Годом раньше Свояк дарит одного из своих барсов только что коронованному Ростику.
Регламентная встреча по случаю принесения присяги новому государю. Но подарок — выдающийся. Ростик отдаривается дорогими мехами: соболями, чёрными куницами, песцами, полярными волками. И тут же понимает: уникальности в его дарах нет. Дальнейший разговор идёт уже без лишнего гонора.
Два этих опытных, битых, очень упрямых мужика, которые четверть века между собой воевали, которые несколько раз гоняли друг друга в сече, хоронили своих друзей, порубленных друг другом, настолько находят общее взаимопонимание, что летописец специально и несколько удивлённо отмечает:
«Они пообедали по-простому и говорили между собой безо всяких изветов».
Ещё одна странная фраза в летописи об этом половецком набеге:
«Князь крепко стоял в поле с женой».
Когда русские князья «стоят в поле крепко», то занимаются этим — с полками, или с союзниками, или с братьями. Со светлыми иконами, с честными хоругвями, с именем божьим… Но не с бабой же в чистом поле стоять! А что ещё написать политкорректному летописцу? «Крепко стоял с кошками»?
Тут гонцы княжии Рюрика с дружинами догнали и с полдороги вернули. Его берендеи — «с марша — в бой» — начали резать кипчаков. Изя задумчиво поглядел на тонущих в Десне союзников, спросил выразительно (цитирую):
— А чтобы это значило?
Послушал ответ… и снова ушёл в Степь.
Уже можно кричать «Ура!»? Уже всё?
Да вы что! Это же Изя! Он прощается и не уходит. Точнее: уходит и сразу возвращается. Забыл чего-то… наверное.
«С толпами половцев, из Черниговской прошел в Смоленскую волость и страшно опустошил ее. Половцы повели в плен более 10000 человек, не считая убитых».
Я думаю, что летописец несколько не точен. Так просто из Черниговских земель в Смоленские не пройти.
Надо или идти на северо-восток, подниматься по Десне к Елно. Там по дороге Новгород-Северский и Вщиж. Тамошние князья, конечно, Изе племянники разных степеней родства. И союзники в общем деле — «против Свояка». Но не настолько. Пустить половцев в свой удел… потом зимой кушать нечего будет.

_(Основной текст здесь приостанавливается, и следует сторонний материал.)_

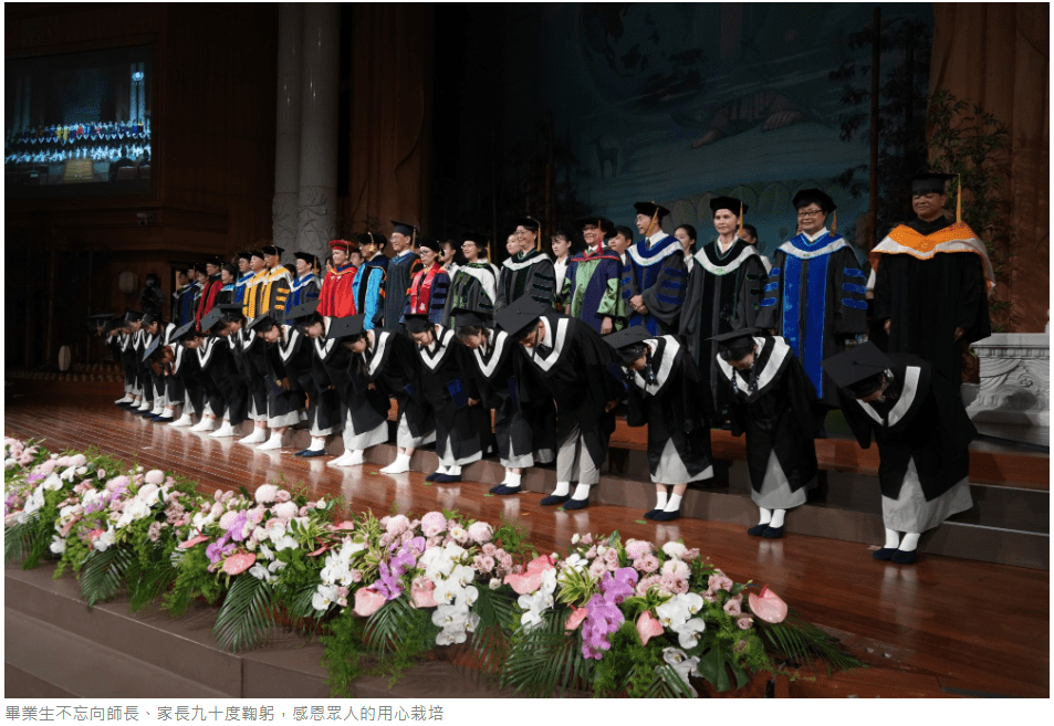 畢業生親自上台,逐一接受師長撥穗,頒發畢業證書,祝福展翅高飛,迎向人生下個階段。畢業生不忘向師長、家長九十度鞠躬,感恩師長、家人的用心栽培及支持。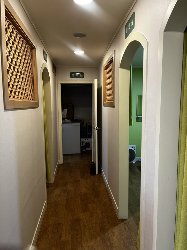 여기에 신발을 벗고 슬리퍼로 갈아 신으신 뒤 마사지를 받으러 가시면 됩니다.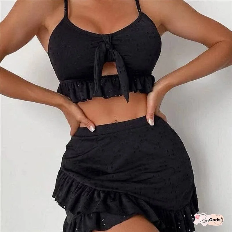 Feature:Falbala,Elasticity,Tied,Hollow Print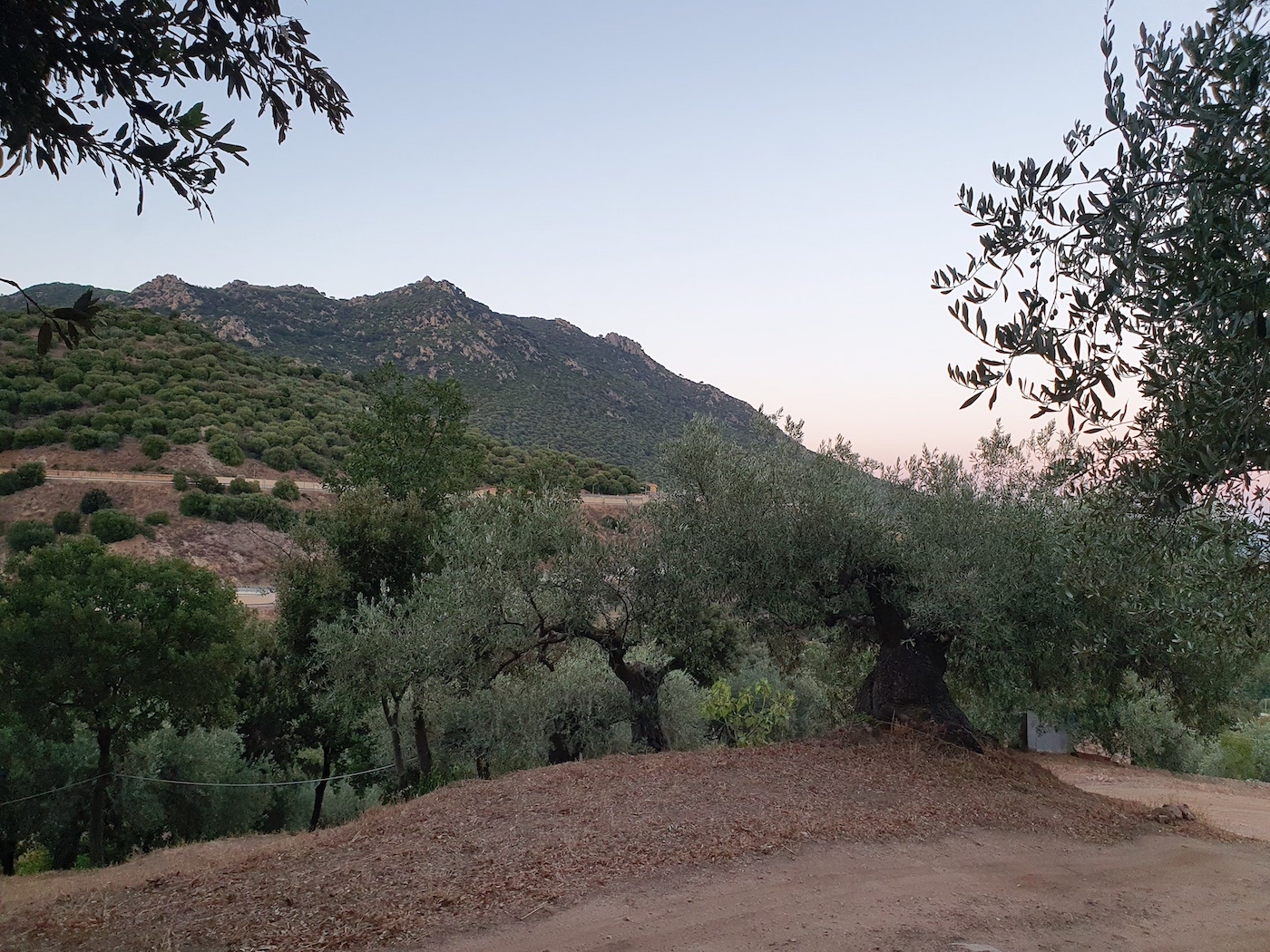Olive trees and stone oaks in the foreground. Núgoro‘s wastewater treatment plant in middle distance and Núgoro‘s mountain, the Monte Orthobene in the back.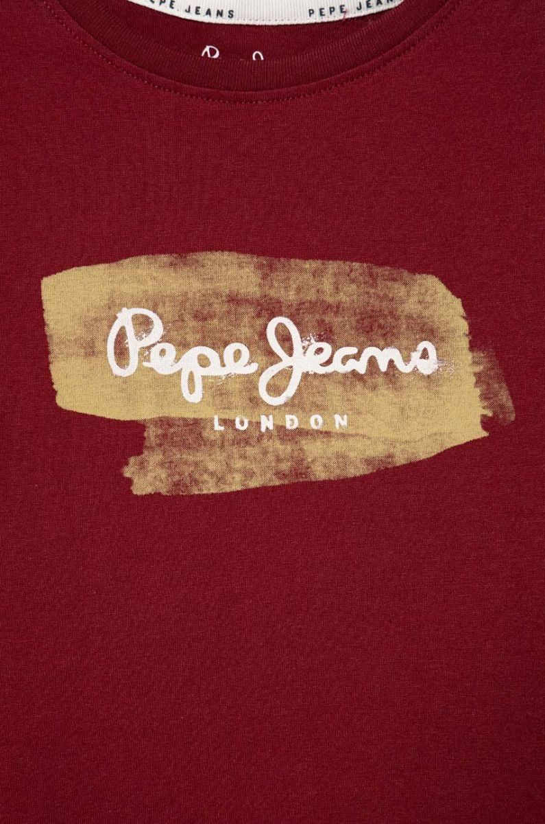 Дитяча бавовняна футболка Pepe Jeans колір бордовий з принтом (3486987)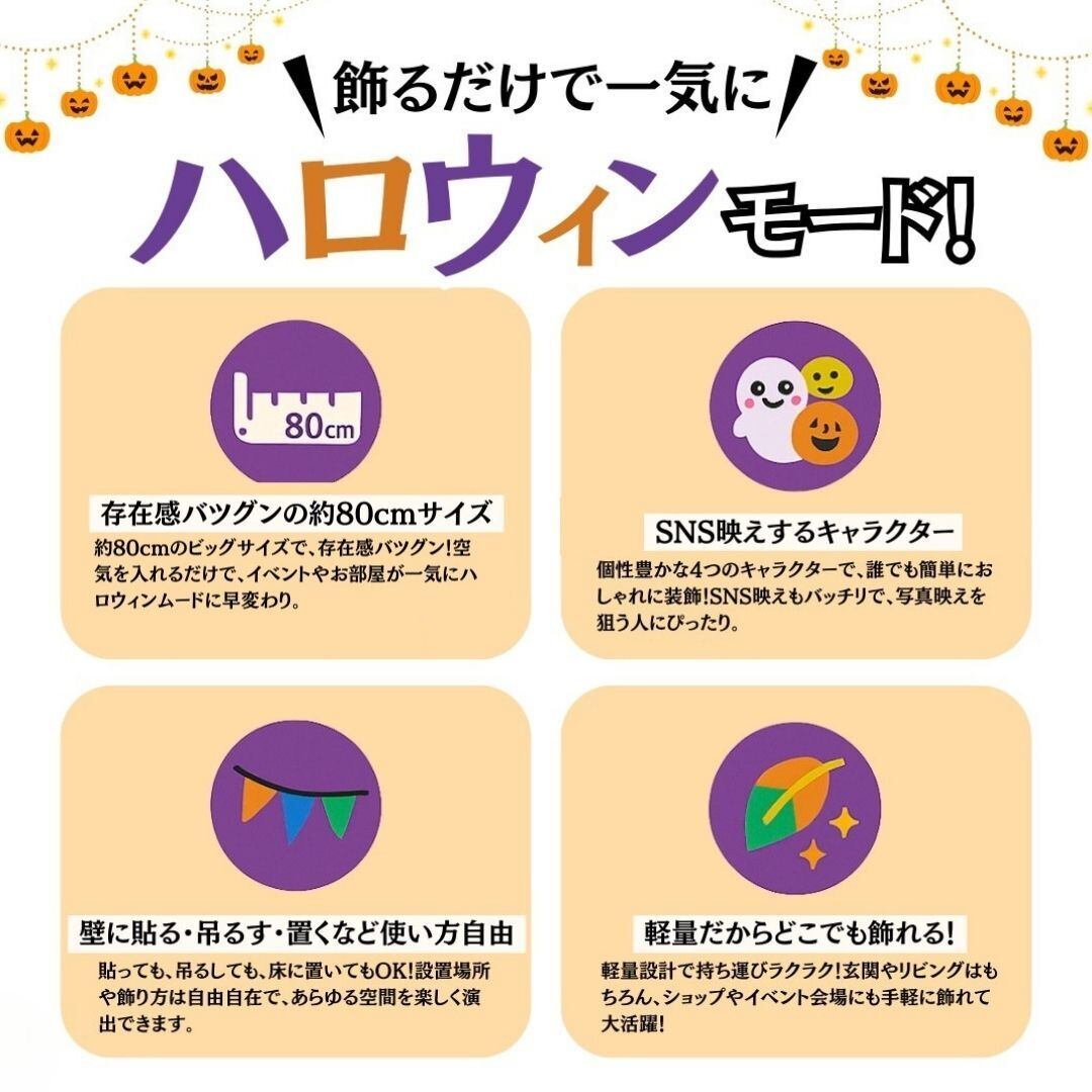 インパクト抜群のサイズとポップなデザインで、玄関やお部屋、パーティースペースを一気にハロウィンムードに。お子さまとのイベントや写真撮影にもぴったりです。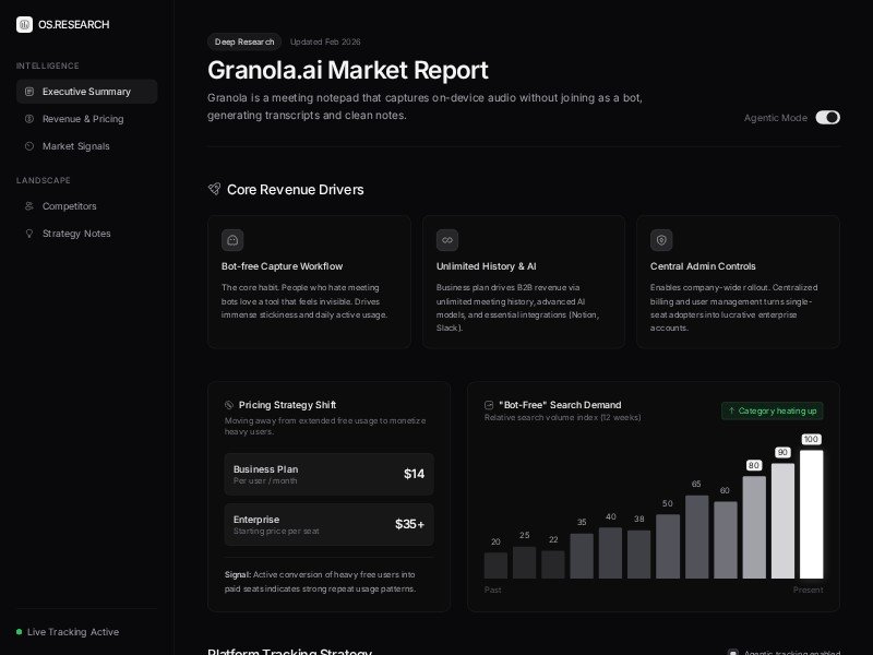 OS.Research AI Market Research Dashboard Template is a sleek, dark-mode interface for showcasing deep product reports, pricing insights, and competitive landscapes.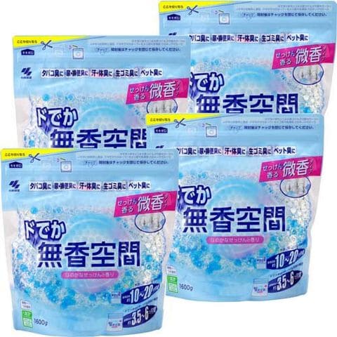 無香空間 消臭ビーズ ドでか ほのかなせっけん 微香タイプ つめ替用 (1600g×4セット)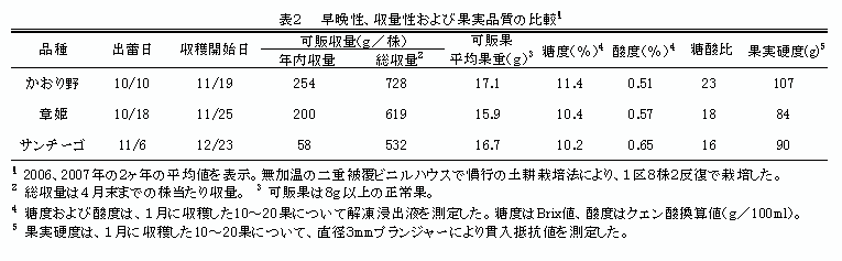 頂花房の花芽分化時期は9月10日前後で、収穫開始時期は早生性の強い品種である「章姫」よりも早い。年内収量および総収量は「章姫」および「サンチーゴ」より多い(表2)。 |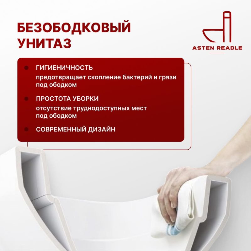 Комплект Asten Readle Zentralmodul AR0601-1065M - готовое решение.Унитаз. Подвесной унитаз Asten Readle Stella Tornado AR1065 из санитарного фарфора. Гладкая поверхность без пор препятствует перемещению бактерий. Антибактериальное покрытие обеспечивает легкий уход, белизну и первоначальный внешний вид на долгие годы. Чаша без внутреннего ободка Rimless. Эффективная технология смыва Tornado гарантирует превосходное омывание чаши по всей поверхности, экономный расход воды и низкий уровень шума при смыве. Сиденье. Тонкое легкосъемное сиденье с крышкой Soft Close из жесткого материала Duroplast повышенной прочности. Плавное, медленное, мягкое опускание микролифт не позволит крышке ударяться о борт унитаза. Хромированные металлические петли. Инсталляция. Усиленная монтажная рама выдерживает до 320 кг нагрузки. Оптимальная выверенная монтажная глубина 12-15 см. Глубина и высота инсталляции регулируются. Инсталляция монтируется на пол, на капитальную и на некапитальную стену. Специально разработанная система металлических креплений к стене дает возможность установки инсталляции в угол. Цельнолитой бачок скрытого монтажа изготовлен из долговечного полимерного материала HDPE и защищен шумоизоляционным пенополистиролом (EPS), который снижает уровень шума и предотвращает образование конденсата и плесени. Смыв настроен на использование инсталляции с подвесными унитазами и предусматривает два режима 3/6 л. Латунный запорный вентиль. Рама стальная с порошковым покрытием. Кнопка. Asten Readle AR0601-M цвета хром с матовой поверхностью из ударопрочного, экологически чистого ABS пластика марки HDPE. Легкоочищаемая устойчивая к истиранию поверхность. Установка без использования инструментов. Бесшумная двухрежимная система смыва. Быстросъемная система Easy Fix для быстрого доступа к коммуникациям. Производство. Молодая компания Asten Readle основана в Германии. Благодаря высокому качеству, стильному дизайну и доступной стоимостью товаров, ее продукция завоевала доверие покупателей. Качество. Сантехника Asten Readle изготовлена из проверенных и экологичных материалов. Каждое изделие проходит обязательную проверку на соответствие международным стандартам. Функциональность, удобство в использовании, современный дизайн делают изделия Asten Readle привлекательным выбором на любой вкус. Гарантия. Длительная гарантия - 20 лет. Изображение на мониторе может отличаться от оригинала. Комплектность: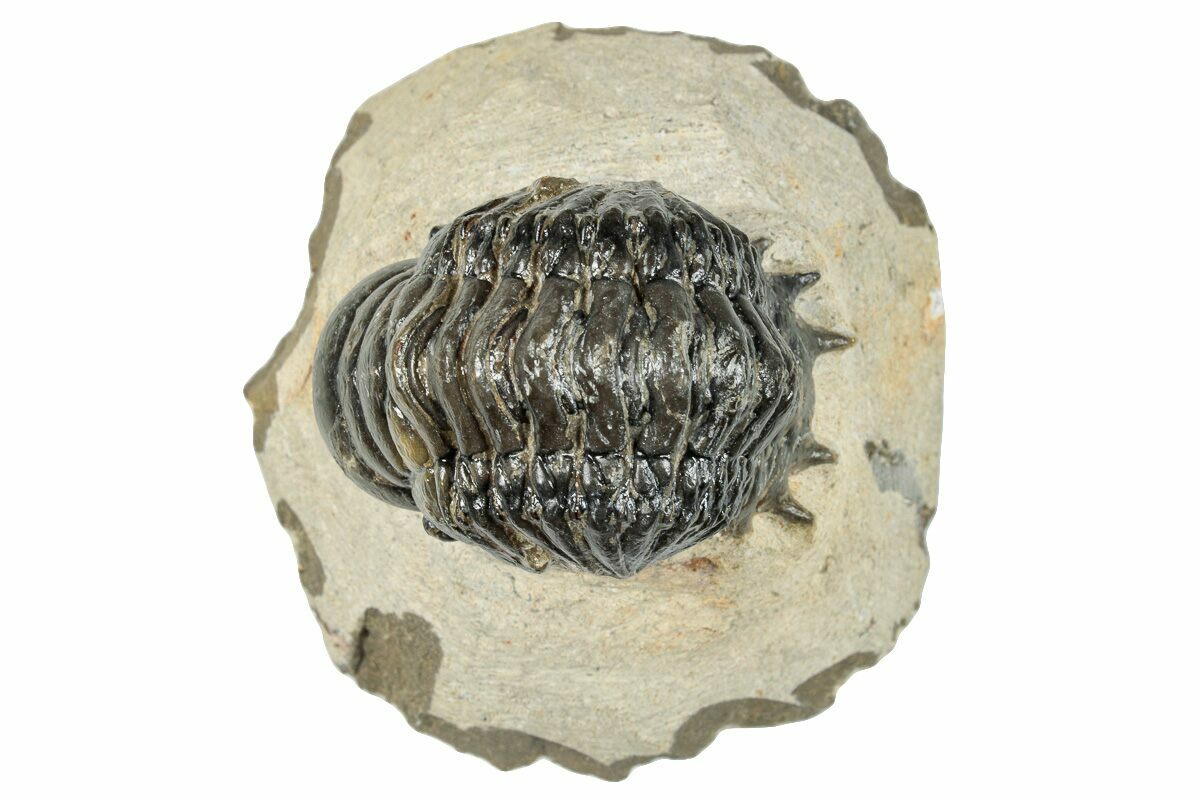This is a detailed, 2.8" long, trilobite (Crotalocephalina gibbus) quarried from the Lhandar Formation near Atchana, Morocco. It is nicely inflated and has been prepared from the surrounding limestone so that it looks like it is ready to crawl off of the rock.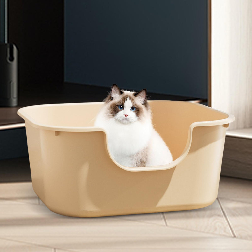 Maxbell Open Top Cat Litter Tray Splashproof Portable Pet Litter Tray for Small Pets Milk coffee

Или надо идти, как я сам в прошлом году выбирался — на северо-запад, к устью Сожа. А это всё земли Черниговские. Хотя временно управляемые смоленцами. Получается, что половцы «страшно опустошили» родной Изин удел.
К западу от Чернигова стоит на Днепре городок Любеч. Мономах там княжеские съезды проводил. Славный городок, древний, богатый…
Был. С этого года летописец называет Любеч — «опустошённый город».
И ещё: я очень надеюсь, что, говоря о взятом половцами полоне, летописец приврал обычным образом — в десять раз. Потому что, при здешних нормативах, на одного полонённого из гражданских — десять мёртвых. Убитых при захвате, сгоревших при пожаре, утонувших при бегстве, раненых и дорезанных, старики, больные, беременные, калечные, убогие…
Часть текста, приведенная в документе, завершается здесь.